| Problem to work on |
Without the images, output every record exactly as it appears.

Start of Data shown

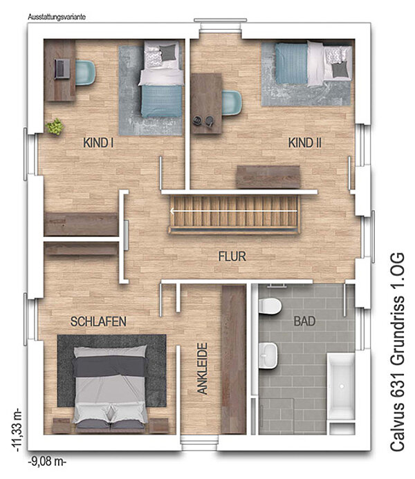 Sie behalten immer den Durchblick? Beim Calvus 631 blicken Sie schon am Eingang wieder hinaus in den eigenen Garten. Dank der offenen Grundrissgestaltung ist es immer hell und freundlich. Die innere Wohnfläche verteilt sich auf 160 m² und zwei ganzen Etagen. Top modern, top Qualität, top Bauherrensicherheit. Mit uns und vielen Markenpartnern bauen Sie mehr als ein Massivhaus - nämlich Ihr Traumhaus, bei dem Sie jedes Detail nach Ihren Wünschen planen, von der Türklinke zum Dachziegel. Die Abbildung zeigt eine Ausstattungsvariante.
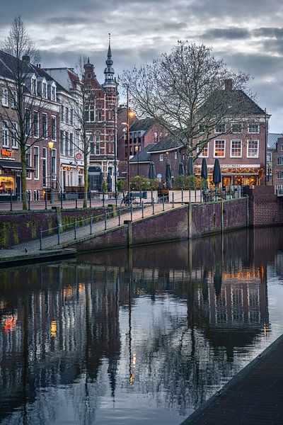 Foto vom Hafen in Breda mit dem Botanist (de Trapkes) am frühen Abend. Spiegelung im ruhigen Wasser.
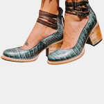 Deze schoenen combineren een klassiek ontwerp met een gedurfde en moderne uitstraling. De elegante structuur en de details van de sluiting zorgen voor kracht, persoonlijkheid en evenwicht bij elke stap.
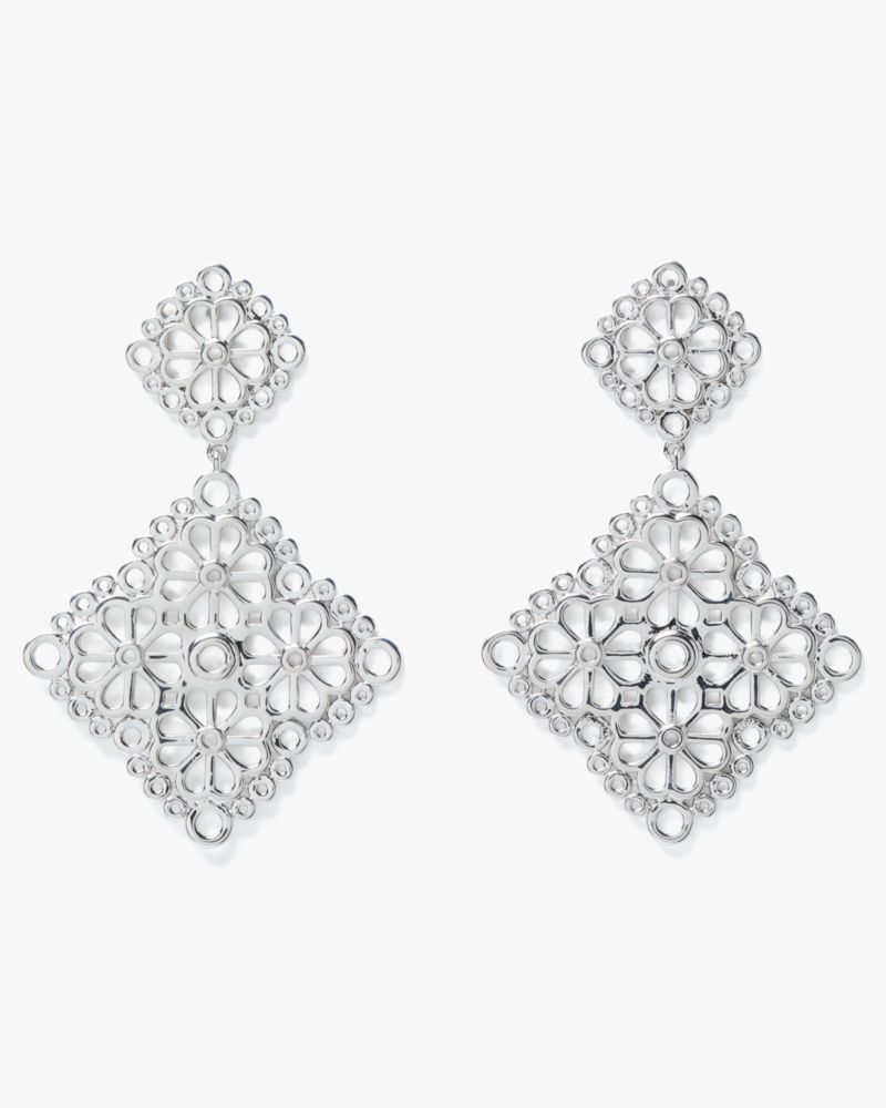 These drop earrings are made from lace-like filigree featuring our Spade Flower motif.
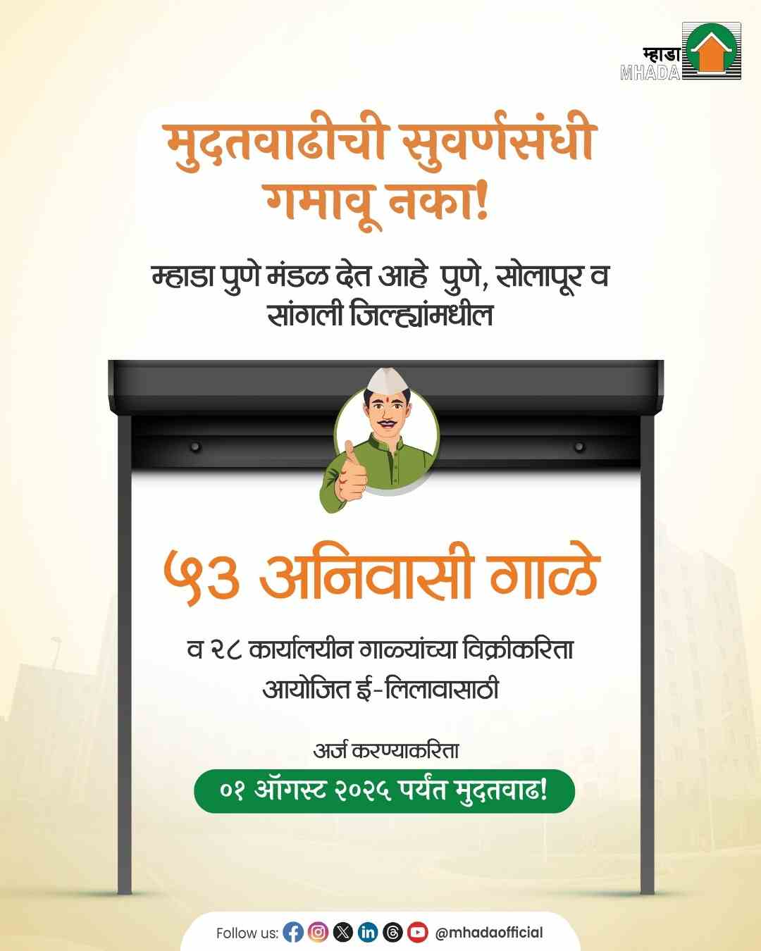 The deadline to apply for the e-auction organized by MHADA Pune Board for the sale of 53 non-residential and 28 office premises across Pune, Solapur, and Sangli districts has been extended till 1st August 2025. Don’t miss this golden opportunity!
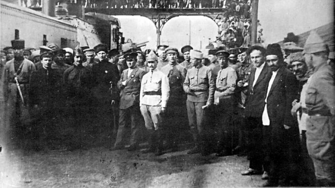 Киров (второй слева), Орджоникидзе (третий слева), Микоян (первый ряд, второй справа) среди красноармейцев и командиров 11-й армии на вокзале в Баку, май 1920 года
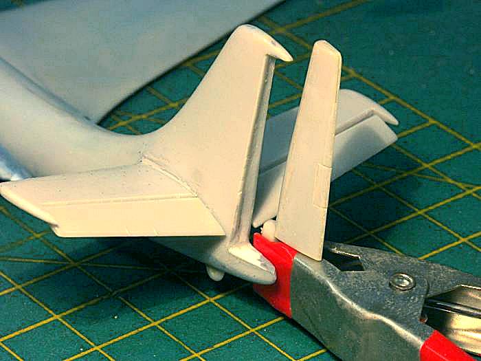 Die Ruder sind mit Skalpell und Rasierklingensäge herausgetrennt und werden mit Sheet am Gelenk aufgefüttert. Das Ganze eingeschlagen eingepasst wirkt lebendiger als die starre Nullage. Nicht vergessen auch die Trimmruder auszutrennen!
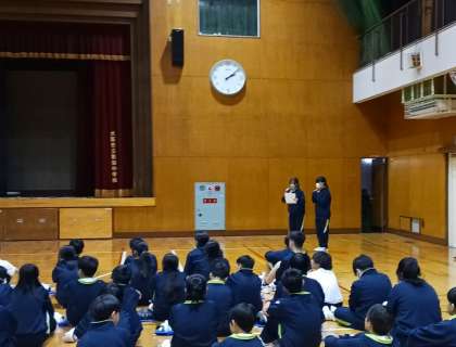 本日の午前は、学年集会や各種測定・学級びらきでした。午後は、体育館で1年生に向けて部活動紹介をおこないました。

End of Data shown

| Finished task |
 Sie behalten immer den Durchblick? Beim Calvus 631 blicken Sie schon am Eingang wieder hinaus in den eigenen Garten. Dank der offenen Grundrissgestaltung ist es immer hell und freundlich. Die innere Wohnfläche verteilt sich auf 160 m² und zwei ganzen Etagen. Top modern, top Qualität, top Bauherrensicherheit. Mit uns und vielen Markenpartnern bauen Sie mehr als ein Massivhaus - nämlich Ihr Traumhaus, bei dem Sie jedes Detail nach Ihren Wünschen planen, von der Türklinke zum Dachziegel. Die Abbildung zeigt eine Ausstattungsvariante.
 Foto vom Hafen in Breda mit dem Botanist (de Trapkes) am frühen Abend. Spiegelung im ruhigen Wasser.
 Deze schoenen combineren een klassiek ontwerp met een gedurfde en moderne uitstraling. De elegante structuur en de details van de sluiting zorgen voor kracht, persoonlijkheid en evenwicht bij elke stap.
 These drop earrings are made from lace-like filigree featuring our Spade Flower motif.
 The deadline to apply for the e-auction organized by MHADA Pune Board for the sale of 53 non-residential and 28 office premises across Pune, Solapur, and Sangli districts has been extended till 1st August 2025. Don’t miss this golden opportunity!
 Киров (второй слева), Орджоникидзе (третий слева), Микоян (первый ряд, второй справа) среди красноармейцев и командиров 11-й армии на вокзале в Баку, май 1920 года
 Die Ruder sind mit Skalpell und Rasierklingensäge herausgetrennt und werden mit Sheet am Gelenk aufgefüttert. Das Ganze eingeschlagen eingepasst wirkt lebendiger als die starre Nullage. Nicht vergessen auch die Trimmruder auszutrennen!
 本日の午前は、学年集会や各種測定・学級びらきでした。午後は、体育館で1年生に向けて部活動紹介をおこないました。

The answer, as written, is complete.